FBI Finds It Frequently Overstepped in Collecting Data

In 10 additional investigations, FBI agents used NSLs to request other information that the relevant laws did not allow them to obtain. Officials said that, for example, agents might have requested header information from e-mails -- such as the subject lines -- even though NSLs are supposed to be used to gather information only about the e-mails' senders and the recipients, not about their content.

The FBI audit also identified three dozen violations of rules requiring that NSLs be approved by senior officials and used only in authorized cases. In 10 instances, agents issued National Security Letters to collect personal data without tying the requests to specific, active investigations -- as the law requires -- either because, in each case, an investigative file had not been opened yet or the authorization for an investigation had expired without being renewed.

FBI officials said the audit found no evidence to date that any agent knowingly or willingly violated the laws or that supervisors encouraged such violations. The Justice Department's report estimated that agents made errors about 4 percent of the time and that third parties made mistakes about 3 percent of the time, they said. The FBI's audit, they noted, found a slightly higher error rate for agents -- about 5 percent -- and a substantially higher rate of third-party errors -- about 10 percent.

The officials said they are making widespread changes to ensure that the problems do not recur. Those changes include implementing a corporate-style, continuous, internal compliance program to review the bureau's policies, procedures and training, to provide regular monitoring of employees' work by supervisors in each office, and to conduct frequent audits to track compliance across the bureau.

The bureau is also trying to establish for NSLs clear lines of responsibility, which were lacking in the past, officials said. Agents who open counterterrorism and counterintelligence investigations have been told that they are solely responsible for ensuring that they do not receive data they are not entitled to have.

The FBI audit did not turn up new instances in which another surveillance tool known as an Exigent Circumstance Letter had been abused, officials said. In a finding that prompted particularly strong concerns on Capitol Hill, the Justice Department had said such letters -- which are similar to NSLs but are meant to be used only in security emergencies -- had been invoked hundreds of times in "non-emergency circumstances" to obtain detailed phone records, mostly without the required links to active investigations.

Many of those letters were improperly dispatched by the bureau's Communications Analysis Unit, a central clearinghouse for the analysis of telephone records such as those gathered with the help of "exigent" letters and National Security Letters.

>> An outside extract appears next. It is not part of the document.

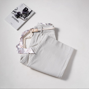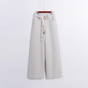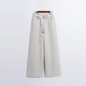 「知性优雅」轻奢感2025早秋新款白色牛仔阔腿裤设计感腰带6102

Justice Department and FBI investigators are trying to determine if any FBI headquarters officials should be held accountable or punished for those abuses, and have begun advising agents of their due process rights during interviews.

The FBI audit will be completed in the coming weeks, and Congress will be briefed on the results, officials said. FBI officials said each potential violation will then be extensively reviewed by lawyers to determine if it must be reported to the Intelligence Oversight Board, a presidential panel of senior intelligence officials created to safeguard civil liberties.

The officials said the final tally of violations that are serious enough to be reported to the panel might be much less than the number turned up by the audit, noting that only five of the 22 potential violations identified by the Justice Department's inspector general this spring were ultimately deemed to be reportable.

"We expect that percentage will hold or be similar when we get through the hundreds of potential violations identified here," said a senior FBI official, who spoke on the condition of anonymity because the bureau's findings have not yet been made public.